Memory Models: A Case for Rethinking Parallel Languages and Hardware

Abstract – The era of parallel computing for the masses is here, but writing correct parallel programs remains far more difficult than writing sequential programs. Aside from a few domains, most parallel programs are written using a shared-memory approach. The memory model, which specifies the meaning of shared variables, is at the heart of this programming model. Unfortunately, it has involved a tradeoff between programmability and performance, and has arguably been one of the most challenging and contentious areas in both hardware architecture and programming language specification. Recent broad community-scale efforts have finally led to a convergence in this debate, with popular languages such as Java and C++ and most hardware vendors publishing compatible memory model specifications. Although this convergence is a dramatic improvement, it has exposed fundamental shortcomings in current popular languages and systems that prevent achieving the vision of structured and safe parallel programming.

I will discuss the path to the above convergence, the hard lessons learned, and their implications. A cornerstone of this convergence has been the view that the memory model should be a contract between the programmer and the system – if the programmer writes disciplined (data-race-free) programs, the system will provide high programmability (sequential consistency) and performance. I will discuss why this view is the best we can do with current popular languages, and why it is inadequate moving forward. I will then discuss research directions that eliminate much of the concern about the memory model, but require rethinking popular parallel languages and hardware. In particular, I will argue that parallel languages should not only promote high-level disciplined models, but they should also enforce the discipline. Further, for scalable and efficient performance, hardware should be co-designed to take advantage of and support such disciplined models. I will use the Deterministic Parallel Java language and DeNovo hardware projects at Illinois as examples of such directions. This talk draws on collaborations with many colleagues over two decades, and is mostly based on an upcoming CACM paper with Hans-J. Boehm.

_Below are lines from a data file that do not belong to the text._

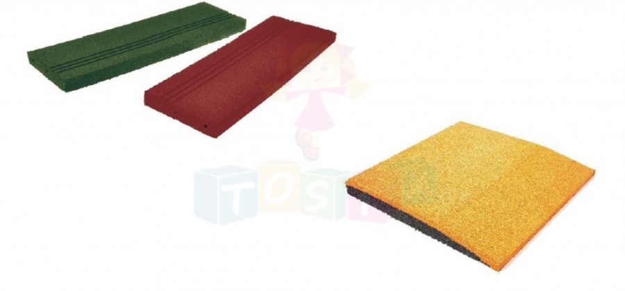 Krawężniki gumowe są używane w celu ograniczenia bezpiecznego obszaru absorbującego upadek. Podstawowe wymiary krawężników 1000x250x50 mm. Elastyczne właściwości krawężników pozwalają na formowanie łuków. Dostępne kolory: czarny, czerwony, zielony i szary
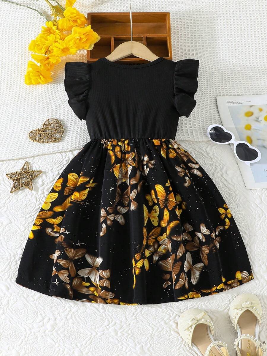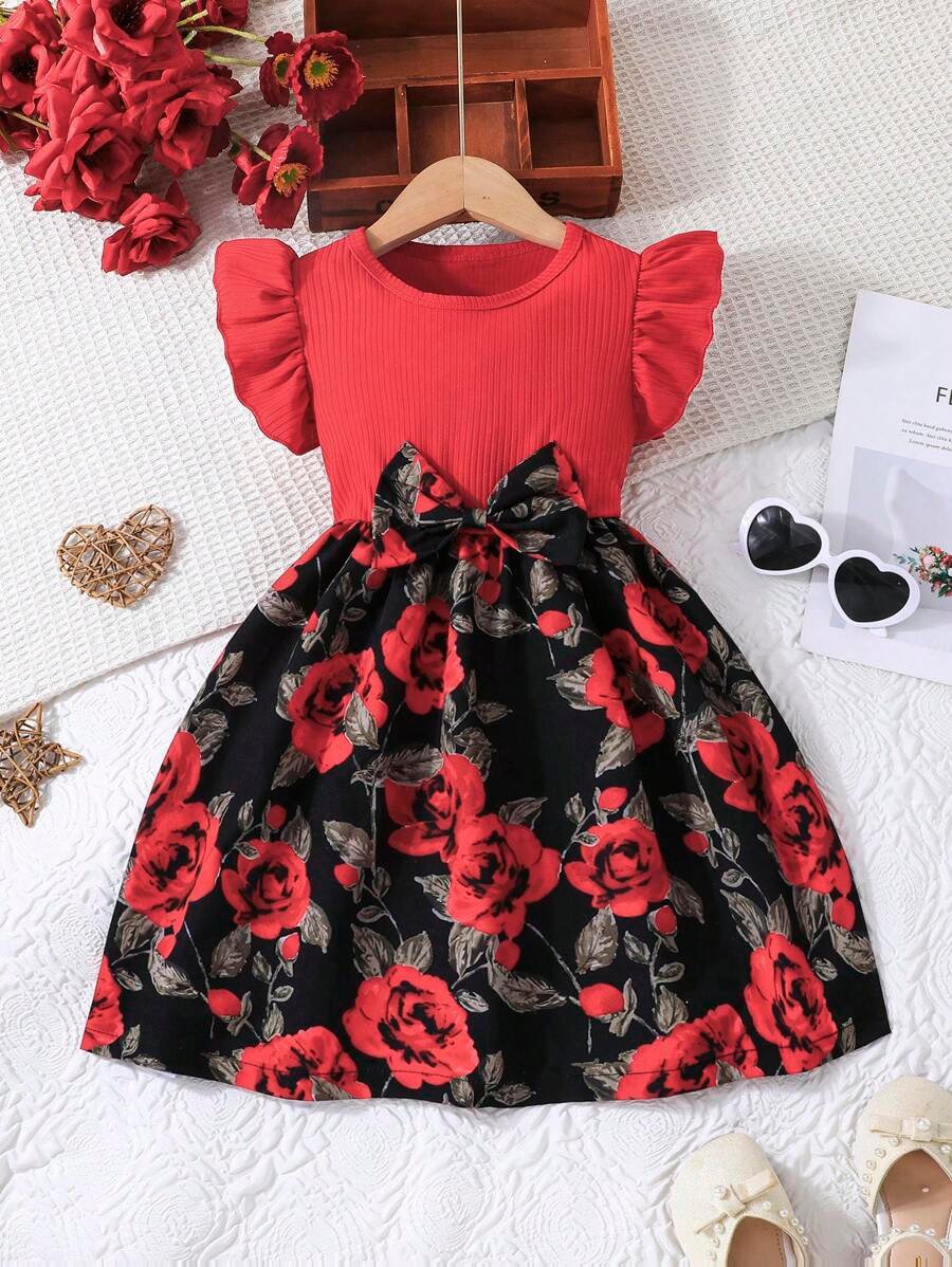 Vestido informal de verano para niña con mangas abullonadas, lazo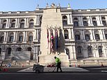 At the Cenotaph, around 10,000 veterans would normally pay their respects, but this year there are just 26 because of the risks presented by Covid-19. Pictured: The veterans today
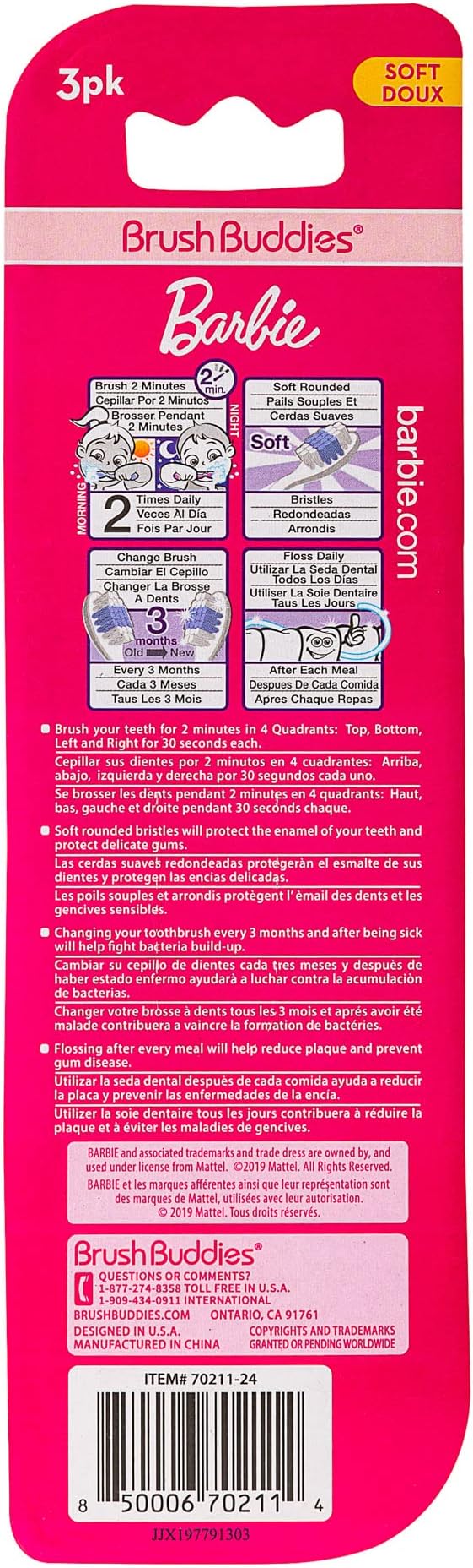 - [What's Included] The Brush Buddies Hot Wheels Toothbrush Pack includes 3 multi-colored Barbie kid's toothbrushes.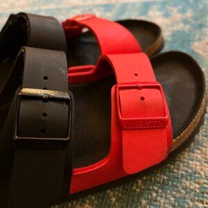 Birkenstock Arizona *Black & Poppy Red* Split Color / 36 N / Birko-Flor / EUC
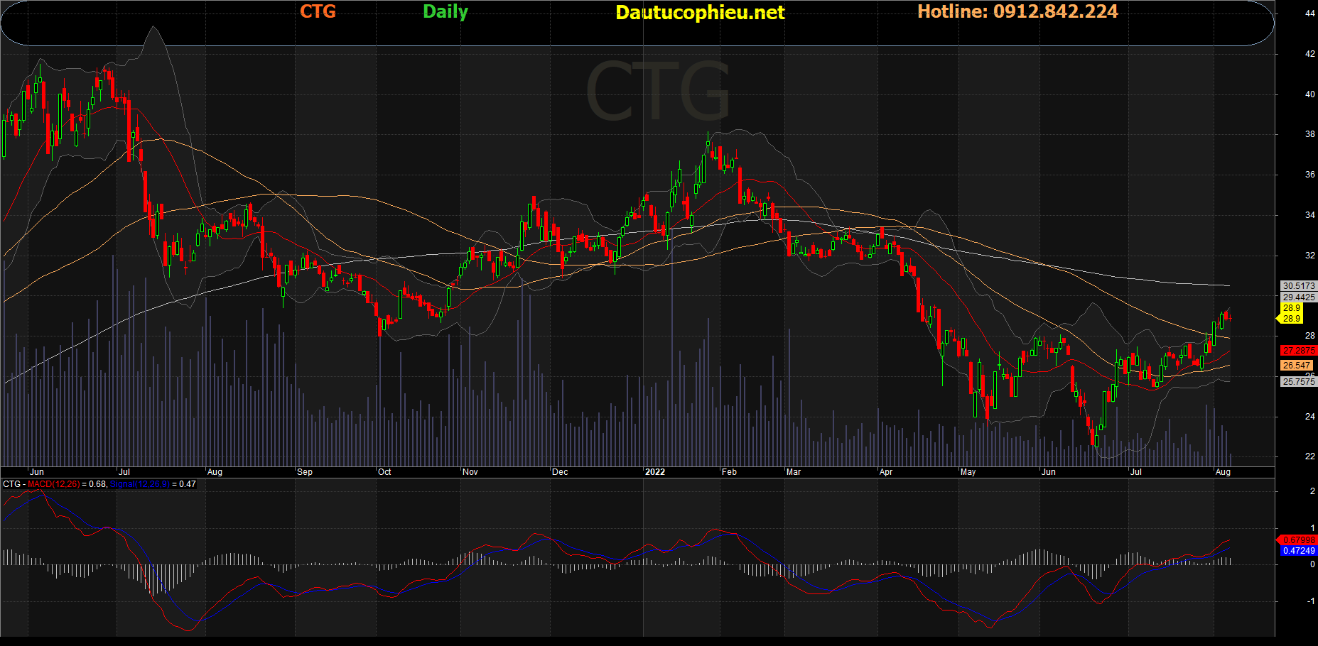 Đồ thị cổ phiếu CTG phiên giao dịch ngày 05/08/2022. Nguồn: AmiBroker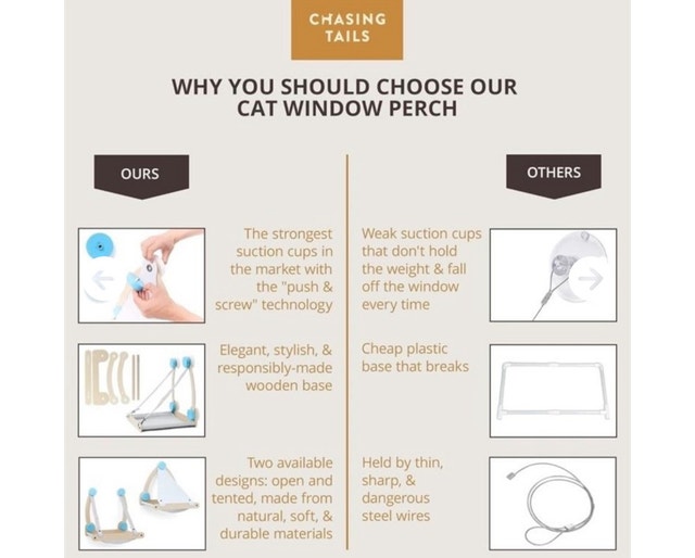 Give your kitty an amazing lookout with this Chasing Tails cat perch window bed that has 2 builds; an open design or a private tented nook. This cat window perch for indoor cats allows your pet to birdwatch & sunbathe to its heart's content! New in box. Here are some of the perch's features: * 2 STYLES * STRONG SUCTION * Holds up to 20 lbs * Soft, machine washable hammock and felt cloths * Durable & stylish wooden base This perch is purr-fect for any cat who loves to lounge and soak up the sun. Don't miss out on the chance to give your furry friend the ultimate relaxation spot! If the ad is up, it's available! I've noticed similar cat perches selling for around $60-$90, so I think $30 is an extremely fair price. Payment: Cashless payment, Cash accepted.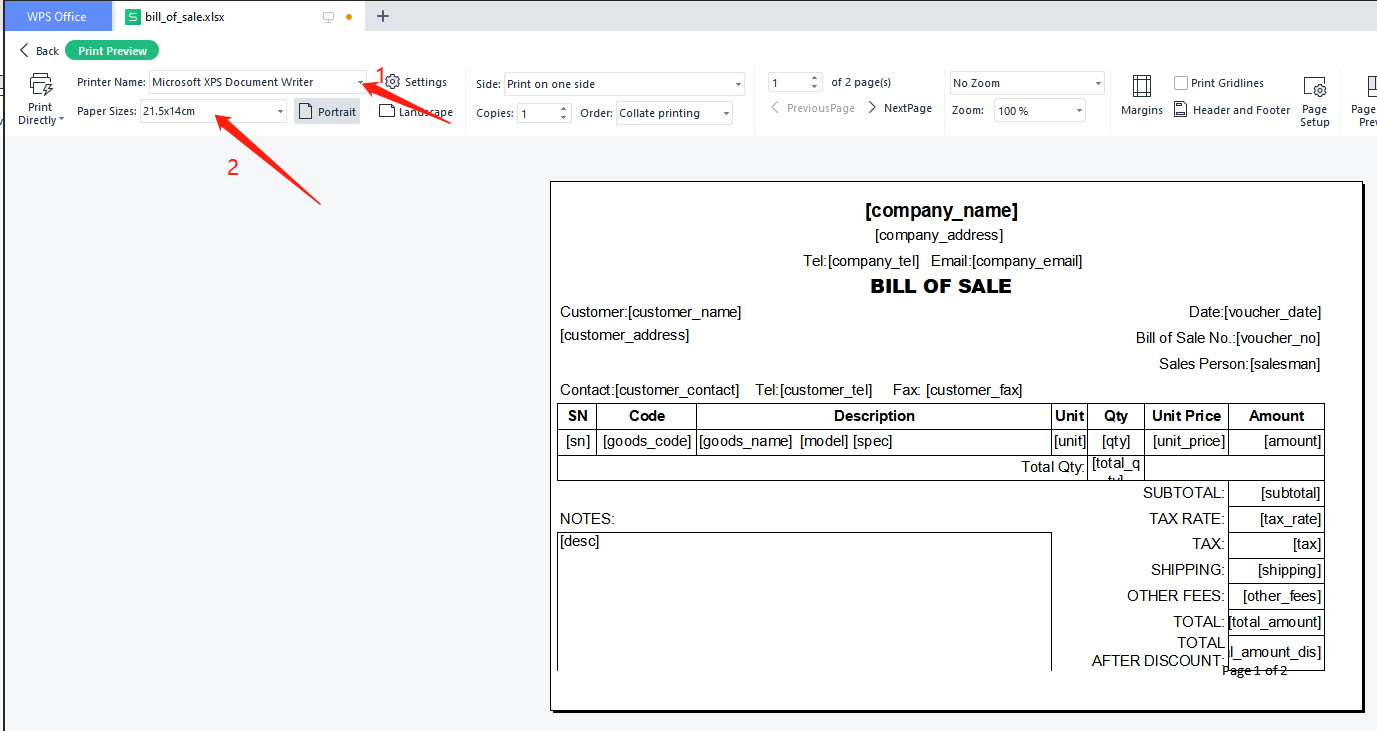 Below is an example of the size of a two-part printer paper (21.5x14.0cm)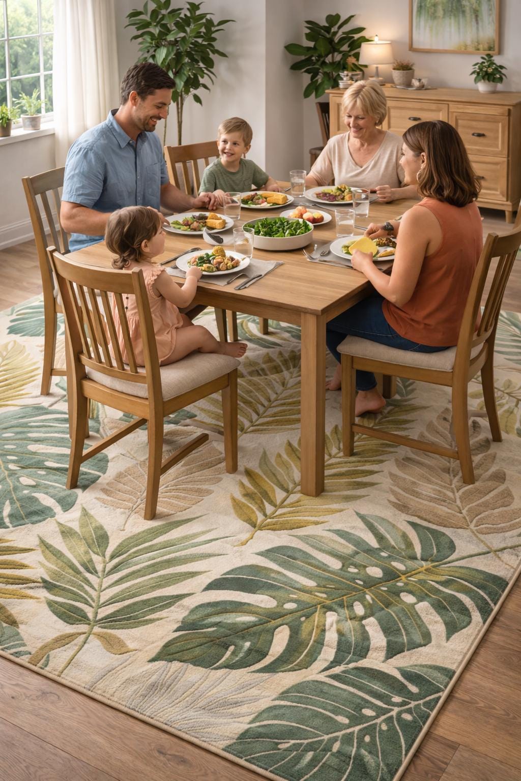 Hand-tufted using premium-quality wool, this rug offers a plush texture, long-lasting durability, and a warm underfoot feel. The detailed leaf pattern adds depth and movement, making it a perfect statement piece for modern, classic, or resort-style interiors.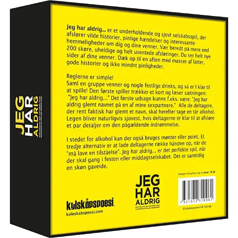 Den første deltager trækker et kort og læser sætningen: ”Jeg har aldrig…”.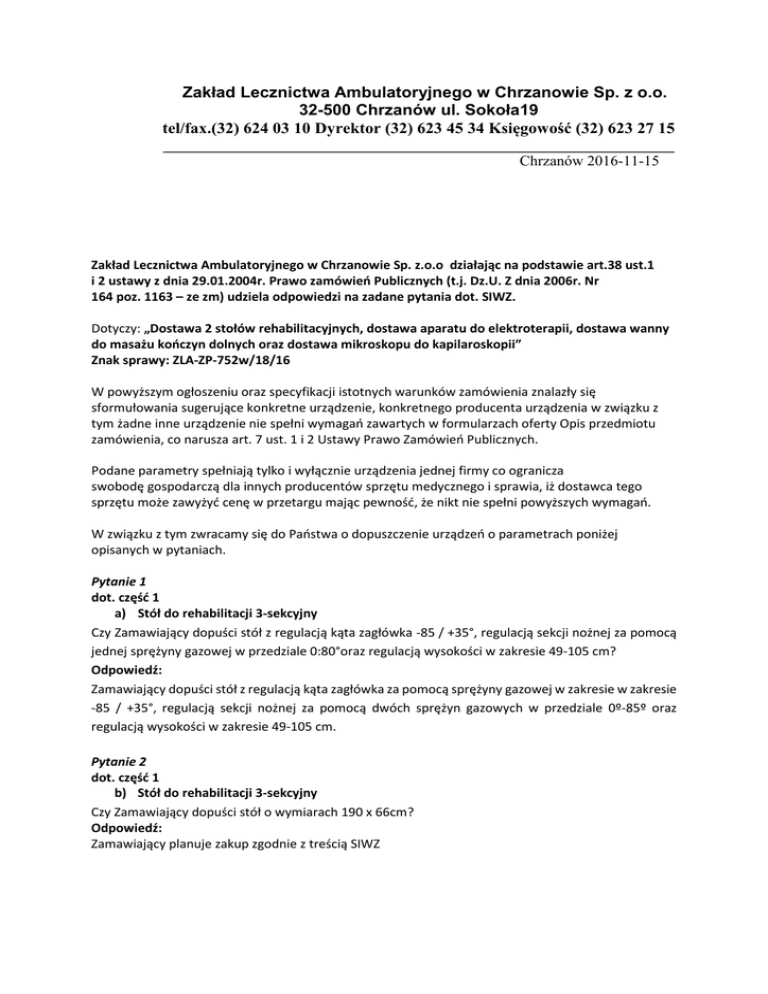 Zakład Lecznictwa Ambulatoryjnego w Chrzanowie Sp. z o.o. 32-500 Chrzanów ul. Sokoła19 tel/fax.(32) 624 03 10 Dyrektor (32) 623 45 34 Księgowość (32) 623 27 15 __________________________________________________________________ Chrzanów 2016-11-15 Zakład Lecznictwa Ambulatoryjnego w Chrzanowie Sp. z.o.o działając na podstawie art.38 ust.1 i 2 ustawy z dnia 29.01.2004r. Prawo zamówień Publicznych (t.j. Dz.U. Z dnia 2006r. Nr 164 poz. 1163 – ze zm) udziela odpowiedzi na zadane pytania dot. SIWZ. Dotyczy: „Dostawa 2 stołów rehabilitacyjnych, dostawa aparatu do elektroterapii, dostawa wanny do masażu kończyn dolnych oraz dostawa mikroskopu do kapilaroskopii” Znak sprawy: ZLA-ZP-752w/18/16 W powyższym ogłoszeniu oraz specyfikacji istotnych warunków zamówienia znalazły się sformułowania sugerujące konkretne urządzenie, konkretnego producenta urządzenia w związku z tym żadne inne urządzenie nie spełni wymagań zawartych w formularzach oferty Opis przedmiotu zamówienia, co narusza art. 7 ust. 1 i 2 Ustawy Prawo Zamówień Publicznych. Podane parametry spełniają tylko i wyłącznie urządzenia jednej firmy co ogranicza swobodę gospodarczą dla innych producentów sprzętu medycznego i sprawia, iż dostawca tego sprzętu może zawyżyć cenę w przetargu mając pewność, że nikt nie spełni powyższych wymagań. W związku z tym zwracamy się do Państwa o dopuszczenie urządzeń o parametrach poniżej opisanych w pytaniach. Pytanie 1 dot. część 1 a) Stół do rehabilitacji 3-sekcyjny Czy Zamawiający dopuści stół z regulacją kąta zagłówka -85 / +35°, regulacją sekcji nożnej za pomocą jednej sprężyny gazowej w przedziale 0:80°oraz regulacją wysokości w zakresie 49-105 cm? Odpowiedź: Zamawiający dopuści stół z regulacją kąta zagłówka za pomocą sprężyny gazowej w zakresie w zakresie -85 / +35°, regulacją sekcji nożnej za pomocą dwóch sprężyn gazowych w przedziale 0º-85º oraz regulacją wysokości w zakresie 49-105 cm. Pytanie 2 dot. część 1 b) Stół do rehabilitacji 3-sekcyjny Czy Zamawiający dopuści stół o wymiarach 190 x 66cm? Odpowiedź: Zamawiający planuje zakup zgodnie z treścią SIWZ Pytanie 3 dot. część 1 c) Stół do rehabilitacji 5-sekcyjny Czy Zamawiający dopuści stół z regulacją kąta zagłówka w zakresie -85 / +35°, regulacją sekcji nożnej za pomocą jednej sprężyny gazowej w przedziale 0:80°oraz regulacją wysokości w zakresie 49-105 cm? Odpowiedź: Zamawiający dopuści stół z regulacją kąta zagłówka za pomocą sprężyny gazowej w zakresie -85 / +35°, regulacją sekcji nożnej za pomocą dwóch sprężyn gazowych w przedziale 0º-85º oraz regulacją wysokości w zakresie 49-105 cm. Pytanie 4 dot. część 1 d) Stół do rehabilitacji 5-sekcyjny Czy Zamawiający dopuści stół o wymiarach 190 x66 cm? Odpowiedź: Zamawiający planuje zakup zgodnie z treścią SIWZ Pytanie 5 dot. część 2 – wanna do masażu kończyn dolnych i obręczy biodrowej Czy Zamawiający dopuści urządzenie o lepszych parametrach wyposażone dodatkowo w system kąpieli perełkowej, system chromoterapii, system 3 całkowicie niezależnych stref masażu umożliwiający wybór terapii z 7 kombinacji, dotykowy panel sterujący z opcją wprowadzania własnych programów, materiał kompozytowy wykonany z powłoki antybakteryjnej o pojemności 70l/ 185 l? Odpowiedź: Zamawiający planuje zakup zgodnie z treścią SIWZ V-CE PREZES ZARZĄDU Dyrektor ds. administracyjno – organizacyjnych mgr Grażyna Skopińska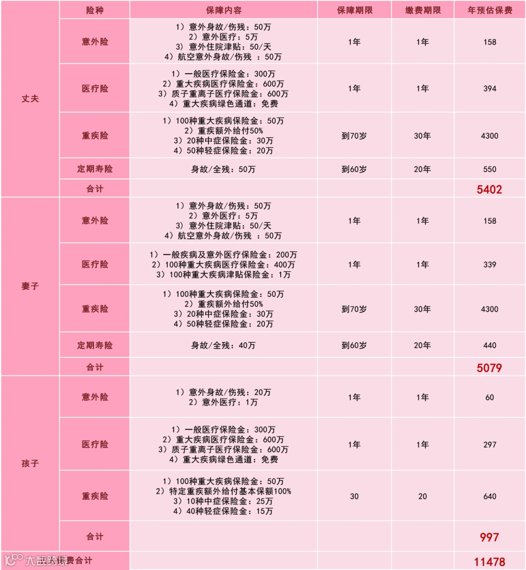 只有先定好顶层规划,以家庭为整体配置保险,才能既全面又不重复,用更少的钱换来更多的保障。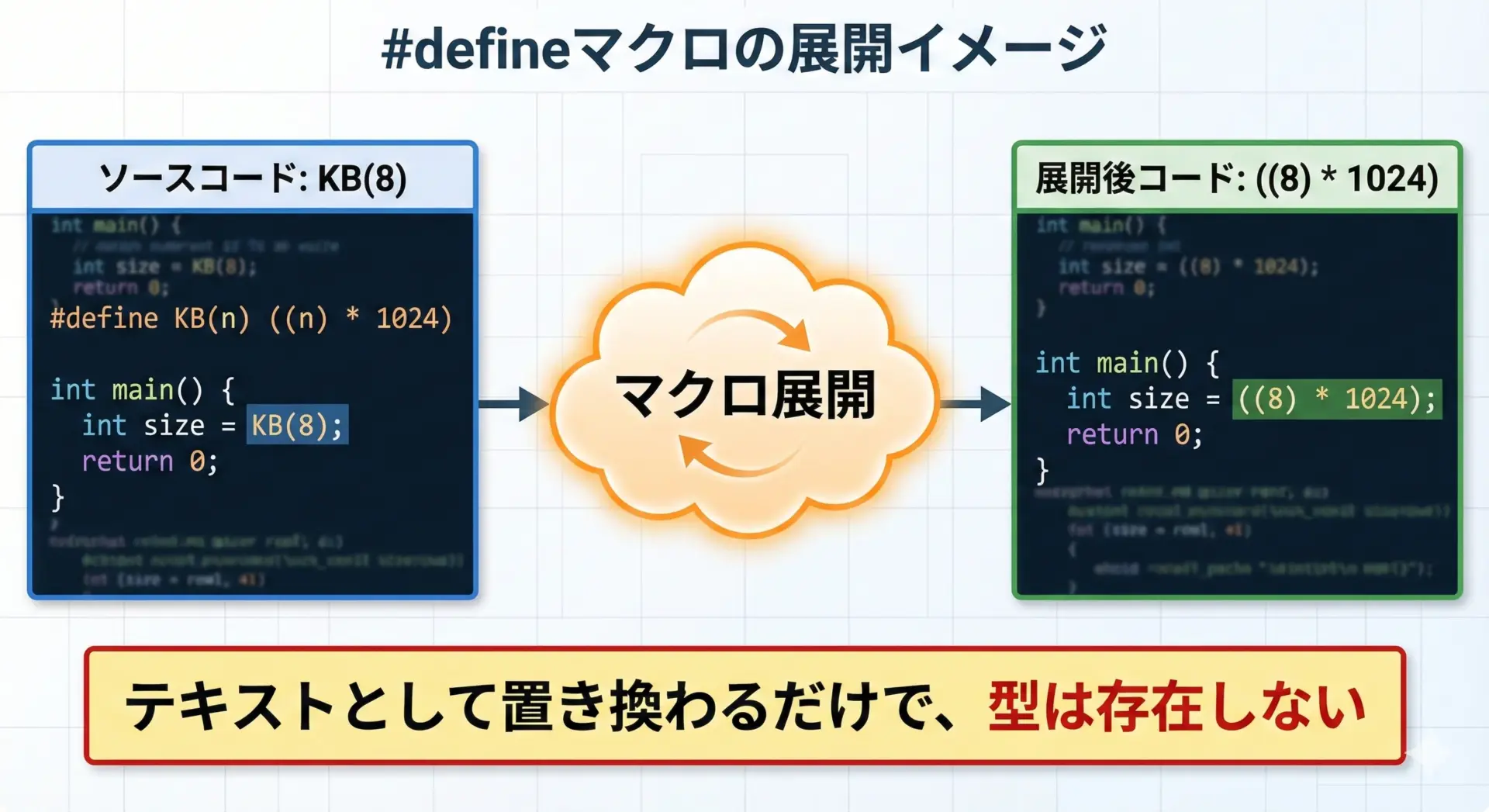 #defineマクロ定数#define BUFFER_SIZE 1024コンパイル前に文字列置換される、型を持たない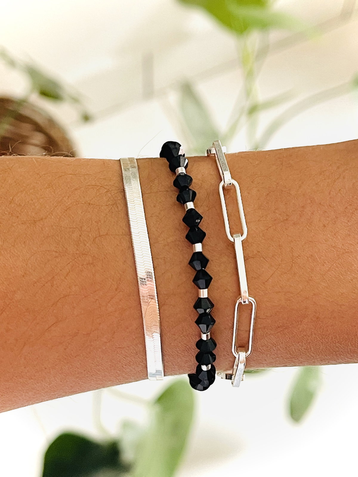 Pulsera con cristales negros opacos biconos de sw con tubos de 2 mm lisos y fornituras de plata 925

Biography – Sarita Adve is Professor of Computer Science at the University of Illinois at Urbana-Champaign. Her research interests are in computer architecture and systems, parallel computing, and power and reliability-aware systems. She received the ACM SIGARCH Maurice Wilkes award in 2008, was named a University Scholar by the University of Illinois in 2004, and received an Alfred P. Sloan Research Fellowship in 1998. She received the Ph.D. in Computer Science from Wisconsin in 1993.